Published March 11, 2013 11:45AM (EDT)

David Gergen, David Gregory, Thomas Friedman. The Grand Bargain is revered among the Sunday Show set.          (Reuters/Lucas Jackson/AP/William B.  Plowman/Jeff Malet, maletphoto.com)
David Gergen, David Gregory, Thomas Friedman. The Grand Bargain is revered among the Sunday Show set. (Reuters/Lucas Jackson/AP/William B. Plowman/Jeff Malet, maletphoto.com)

Washington has Grand Bargain fever, again. Thanks to the sequestration, Republican government-shrinking mania and Barack Obama's apparently sincere desire to get some sort of huge long-term debt deal done, the Grand Bargain is looking more possible than at any point since the heady days of the National Commission on Fiscal Responsibility.
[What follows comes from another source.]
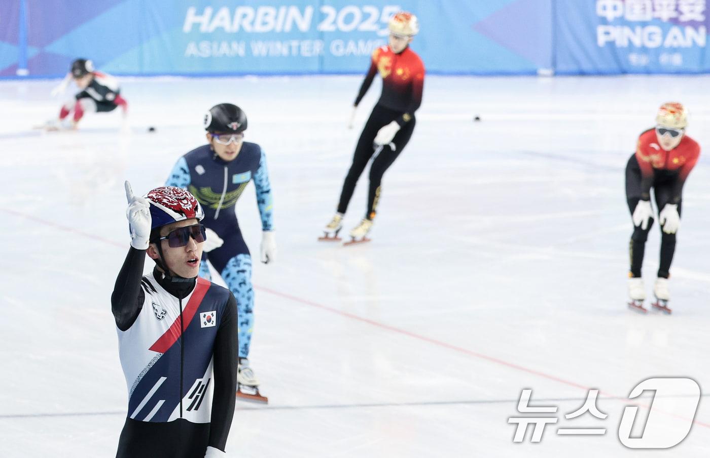 8일(현지시간) 중국 헤이룽장성 하얼빈 빙상훈련센터 다목적홀에서 열린 하얼빈 동계아시안게임 쇼트트랙 혼성 2,000m 계주 결승에서 대표팀 마지막 주자 박지원이 금메달을 확정한 뒤 중국 대표팀 린샤오쥔 앞을 지나고 있다. 2025.2.8/뉴스1 ⓒ News1 이승배 기자
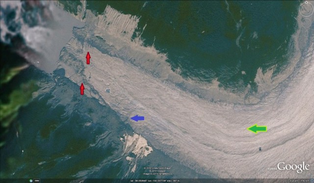 Melbern Glacier is following the same pattern as nearby Yakutat Glacier and Grand Plateau Glacier. The lower 3 km of the glacier appears stagnant. However, there is a moraine band 10m km above the terminus that has shifted down glacier 1000-1500 meters from 2001 to 2007 as seen in images from those dates below. The green line indicates the moraine position in 2007. This indicates significant flow at this point. Thus, it is evident that retreat will continue on Melbern Glacier, but should slow as either the lake basin is left behind, or the moraine band is approached

For some reason, the options for dealing with sequestration -- a self-inflicted made-up austerity crisis -- are being purposefully and pointlessly limited to a) spending cuts, either those in sequestration or different ones, or b) spending cuts and tax increases. "Let's just not do this, everyone" is rarely presented as a viable option. Instead, the single best end result, according to lots of pundits, Democrats and even Republicans, is tthe Mythical Grand Bargain.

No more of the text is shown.